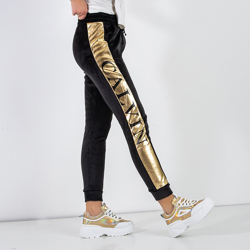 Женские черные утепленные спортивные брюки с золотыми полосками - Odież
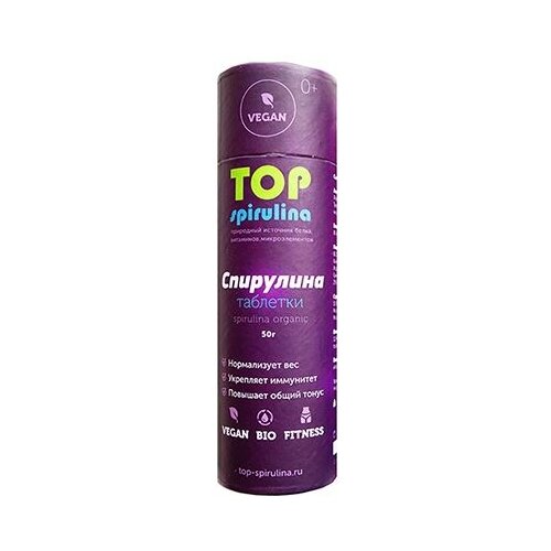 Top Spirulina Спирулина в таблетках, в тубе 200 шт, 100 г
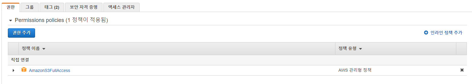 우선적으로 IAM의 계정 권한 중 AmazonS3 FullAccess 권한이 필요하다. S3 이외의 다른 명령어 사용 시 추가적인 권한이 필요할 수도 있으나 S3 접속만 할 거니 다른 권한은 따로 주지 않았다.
--
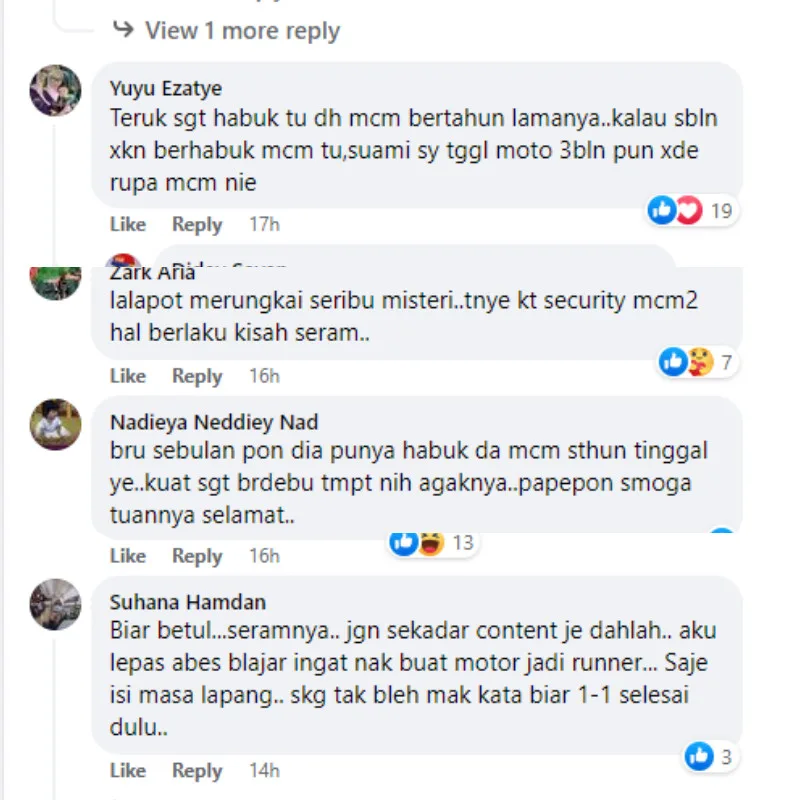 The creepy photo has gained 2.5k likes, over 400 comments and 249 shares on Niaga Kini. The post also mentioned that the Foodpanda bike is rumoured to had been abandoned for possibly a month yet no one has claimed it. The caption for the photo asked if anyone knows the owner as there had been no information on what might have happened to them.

What is being asked |
Copy only this from above: the line containing "Женские черные утепленные", the line containing "우선적으로 IAM의 계정", and all lines between, printed exactly. Leave out the pictures.

Written solution |
 Женские черные утепленные спортивные брюки с золотыми полосками - Odież
 Top Spirulina Спирулина в таблетках, в тубе 200 шт, 100 г
 우선적으로 IAM의 계정 권한 중 AmazonS3 FullAccess 권한이 필요하다. S3 이외의 다른 명령어 사용 시 추가적인 권한이 필요할 수도 있으나 S3 접속만 할 거니 다른 권한은 따로 주지 않았다.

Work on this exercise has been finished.